El miedo que había paralizado a Morris antes había desaparecido casi por completo. Después de esquivar la muerte y asestar un golpe certero, algo dentro de él había cambiado.
Ahora lo entendía: Maren no había dudado porque no supiera qué hacer. Había estado observando, leyendo los movimientos del guepardo, esperando el momento exacto. Y cuando atacó, funcionó.
Mientras tanto, en la sala de control, los jueces se quedaron sin palabras por lo que acababan de ver.
«¿Qué acaba de pasar? ¿Morris realmente lo esquivó?».
«Debe haber sido pura suerte».
«Una esquiva afortunada, claro, pero ¿y el contraataque? ¿Dices que eso también fue una coincidencia?».
«Algo no cuadra. Quizás Morris ha estado fingiendo ser tonto todo este tiempo. Podría ser que en realidad esté entrenado y solo finja no tener ni idea».
Los jueces intercambiaron teorías, con la confusión grabada en cada rostro. Nada de eso tenía sentido.
Solo Calvert permaneció en silencio, con el ceño fruncido en señal de reflexión.
«Silencio».
La familia Marshall había sido durante mucho tiempo un símbolo de destreza marcial, y Calvert había estado en el centro de ese legado. Su fuerza y habilidad le habían valido un estatus legendario en toda Slatinia en su juventud.
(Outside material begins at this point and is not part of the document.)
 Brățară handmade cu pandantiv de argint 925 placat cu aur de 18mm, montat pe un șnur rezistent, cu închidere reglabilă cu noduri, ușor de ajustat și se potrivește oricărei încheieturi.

Y ahora, mientras observaba los movimientos de Morris, supo la verdad. Ese chico no estaba fingiendo. Realmente carecía de un entrenamiento adecuado.
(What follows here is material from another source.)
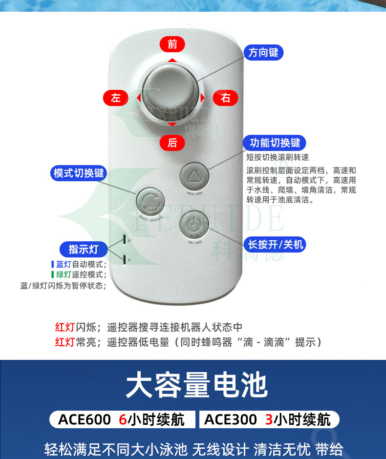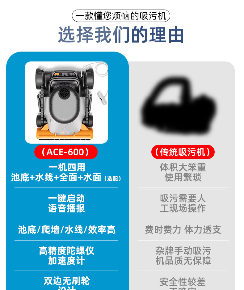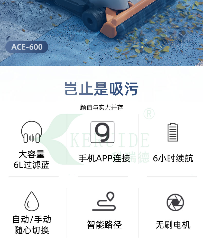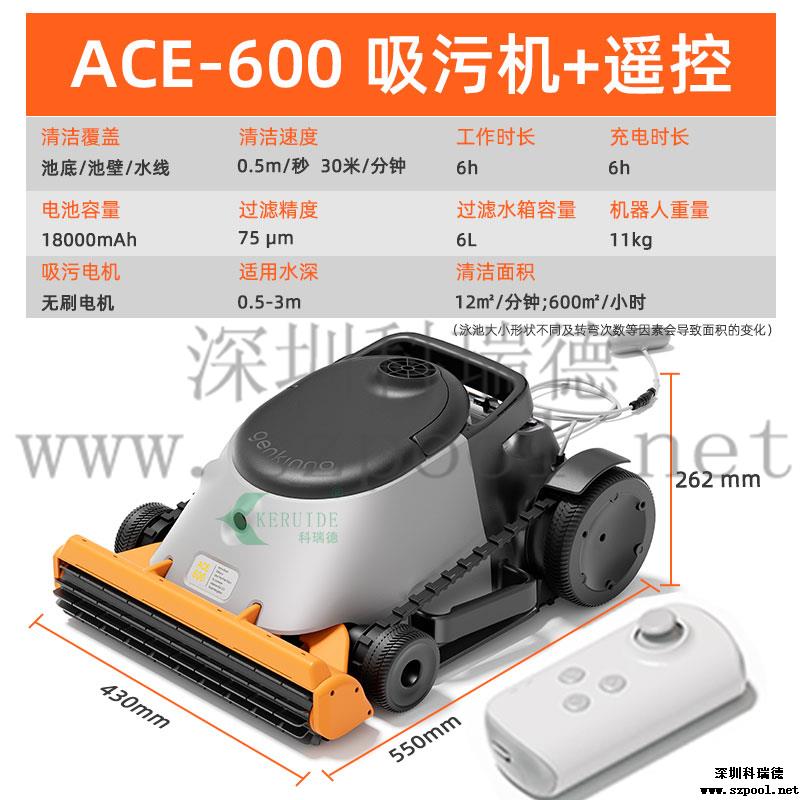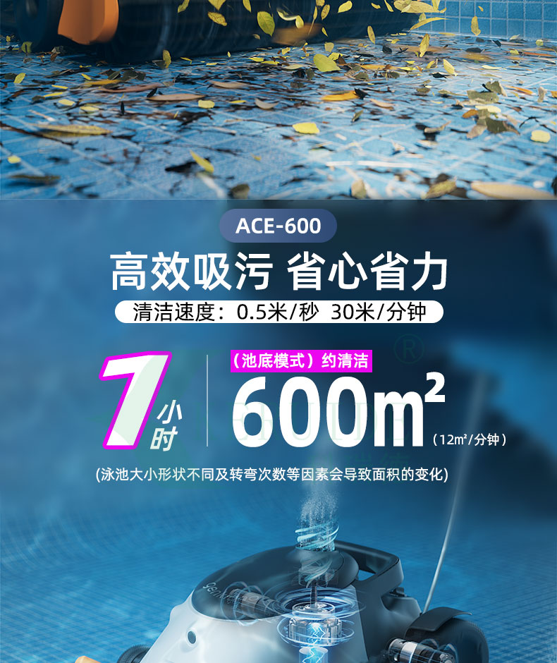 “ACE600全自動吸污機”續航高達6小時它能迅速將泳池底部的各類雜質,如灰塵、沙粒、毛發、
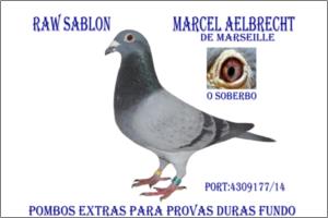 Macho SUPER POMBO RAUW SABLON X MARCEL AELBRECHT O PAI 1009079/06 DESTE MACHO É NÉTO DO De MARSEILLE de MARCEL AELBRECHT E A MÃE 1009041/06 É TAMBEM NÉTA DO De MARSEILLE ESTE POMBO FABULOSO EM MÃOS TEM GRANDES CONDIÇÕES PARA SER UM REPRODUTOR MUITO ACIMA DA MEDIA

Pero sus acciones de hacía un momento, esas reacciones, esa sincronización, eran demasiado precisas como para explicarse por casualidad.
Calvert entrecerró los ojos y se inclinó hacia delante. Necesitaba ver más.
«Maren, ¿cuál es el siguiente movimiento?».
La sangre de Morris bombeaba ahora con fuerza, y su miedo había sido sustituido por determinación.
«No podemos matarlo. Lo necesitamos vivo para conseguir todos los puntos.
Y no tenemos nada afilado, así que tu única opción real es ir primero a por su movilidad», dijo Maren.
«¿Movilidad? ¿Como romperle las piernas?». Morris miró las extremidades del guepardo: fuertes, rápidas y tan gruesas como sus propios brazos. Intentar romper una de frente parecía como pedir que lo destrozaran.
«Los ojos. Vamos a por los ojos». Maren soltó un suspiro. «¿Ya te has olvidado del lobo durante el entrenamiento?».